**Task description**
Your answer should contain only the lines from the top of the data below down through the one with "Lettering LOVE made iwith chalk on the road.", transcribed exactly and without pictures; please include nothing more.

[Stored records]

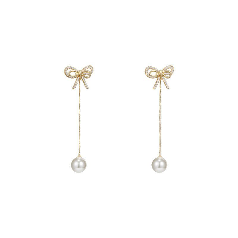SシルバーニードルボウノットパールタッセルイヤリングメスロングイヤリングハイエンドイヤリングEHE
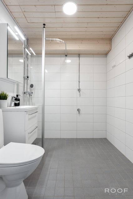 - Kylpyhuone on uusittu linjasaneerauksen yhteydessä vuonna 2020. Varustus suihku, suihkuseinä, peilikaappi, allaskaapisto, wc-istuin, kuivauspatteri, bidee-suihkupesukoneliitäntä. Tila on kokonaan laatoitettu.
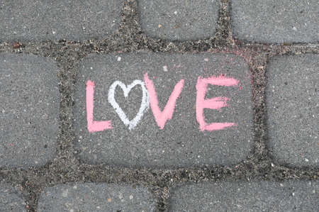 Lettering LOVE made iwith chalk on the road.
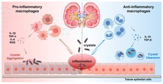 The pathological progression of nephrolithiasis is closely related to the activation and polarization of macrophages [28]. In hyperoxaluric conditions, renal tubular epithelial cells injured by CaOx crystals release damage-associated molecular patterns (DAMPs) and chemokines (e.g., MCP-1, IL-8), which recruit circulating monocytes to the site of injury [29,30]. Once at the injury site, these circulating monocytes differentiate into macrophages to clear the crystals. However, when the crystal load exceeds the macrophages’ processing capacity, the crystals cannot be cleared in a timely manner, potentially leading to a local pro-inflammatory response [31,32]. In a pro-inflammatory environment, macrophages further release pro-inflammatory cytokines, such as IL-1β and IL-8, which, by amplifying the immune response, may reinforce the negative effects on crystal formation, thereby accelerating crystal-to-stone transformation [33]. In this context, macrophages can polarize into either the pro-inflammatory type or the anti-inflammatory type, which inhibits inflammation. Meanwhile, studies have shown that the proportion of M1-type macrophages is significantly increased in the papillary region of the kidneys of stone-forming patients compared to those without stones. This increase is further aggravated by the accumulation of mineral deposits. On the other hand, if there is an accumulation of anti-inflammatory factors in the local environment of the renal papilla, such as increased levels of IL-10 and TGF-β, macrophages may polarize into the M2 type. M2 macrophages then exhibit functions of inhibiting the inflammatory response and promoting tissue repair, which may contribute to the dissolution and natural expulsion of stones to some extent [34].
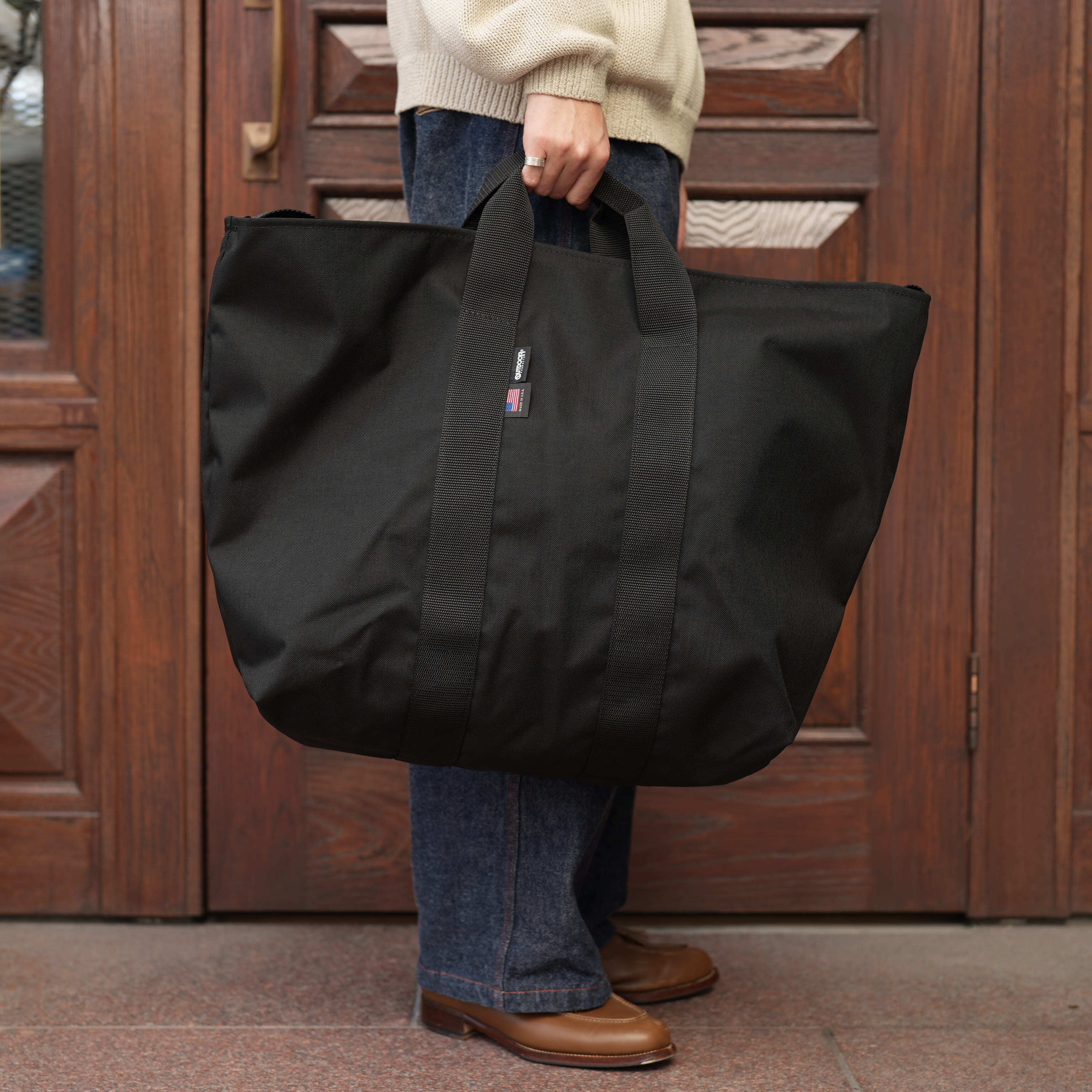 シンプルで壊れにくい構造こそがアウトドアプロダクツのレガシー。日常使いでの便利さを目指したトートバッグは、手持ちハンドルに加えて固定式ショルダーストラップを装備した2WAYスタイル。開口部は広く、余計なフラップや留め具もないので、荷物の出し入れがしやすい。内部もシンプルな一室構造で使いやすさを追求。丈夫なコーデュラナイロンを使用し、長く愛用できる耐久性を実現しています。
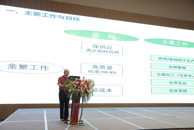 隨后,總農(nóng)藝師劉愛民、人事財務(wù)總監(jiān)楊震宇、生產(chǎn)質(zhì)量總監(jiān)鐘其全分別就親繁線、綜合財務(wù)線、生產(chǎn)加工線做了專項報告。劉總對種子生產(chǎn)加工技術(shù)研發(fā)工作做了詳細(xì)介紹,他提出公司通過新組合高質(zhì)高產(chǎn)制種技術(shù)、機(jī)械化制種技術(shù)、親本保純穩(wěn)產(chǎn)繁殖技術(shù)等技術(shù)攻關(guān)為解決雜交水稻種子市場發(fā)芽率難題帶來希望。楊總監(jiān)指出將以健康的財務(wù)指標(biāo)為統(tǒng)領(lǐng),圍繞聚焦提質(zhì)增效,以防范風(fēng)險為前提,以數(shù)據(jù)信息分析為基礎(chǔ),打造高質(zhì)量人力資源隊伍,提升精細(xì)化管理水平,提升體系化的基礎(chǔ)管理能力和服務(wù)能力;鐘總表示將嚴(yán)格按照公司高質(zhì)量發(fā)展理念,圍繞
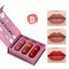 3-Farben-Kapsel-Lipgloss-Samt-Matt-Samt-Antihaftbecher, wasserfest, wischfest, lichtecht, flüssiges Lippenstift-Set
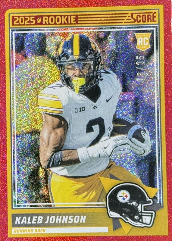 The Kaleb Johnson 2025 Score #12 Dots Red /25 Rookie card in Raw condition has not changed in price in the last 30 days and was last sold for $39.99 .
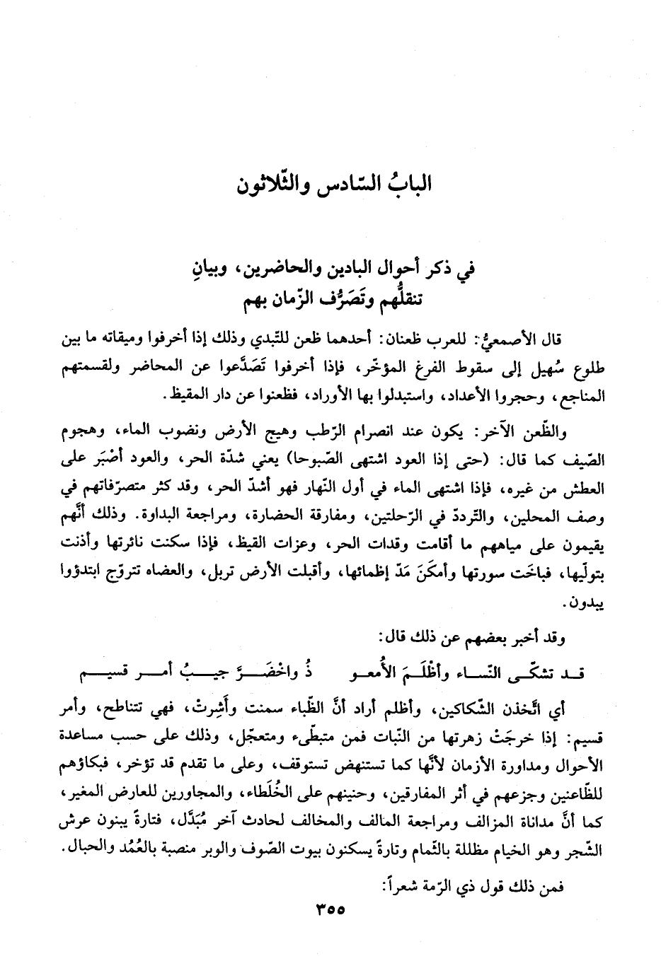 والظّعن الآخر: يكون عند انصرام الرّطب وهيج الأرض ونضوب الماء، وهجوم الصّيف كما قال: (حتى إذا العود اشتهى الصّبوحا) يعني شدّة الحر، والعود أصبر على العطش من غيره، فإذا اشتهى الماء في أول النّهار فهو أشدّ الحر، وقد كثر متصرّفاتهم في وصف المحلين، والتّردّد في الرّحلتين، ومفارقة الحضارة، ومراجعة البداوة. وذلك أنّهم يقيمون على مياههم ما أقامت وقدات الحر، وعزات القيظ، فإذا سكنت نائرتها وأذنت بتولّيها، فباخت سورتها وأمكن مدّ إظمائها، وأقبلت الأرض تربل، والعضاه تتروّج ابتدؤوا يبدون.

**Solved problem**
SシルバーニードルボウノットパールタッセルイヤリングメスロングイヤリングハイエンドイヤリングEHE
 - Kylpyhuone on uusittu linjasaneerauksen yhteydessä vuonna 2020. Varustus suihku, suihkuseinä, peilikaappi, allaskaapisto, wc-istuin, kuivauspatteri, bidee-suihkupesukoneliitäntä. Tila on kokonaan laatoitettu.
 Lettering LOVE made iwith chalk on the road.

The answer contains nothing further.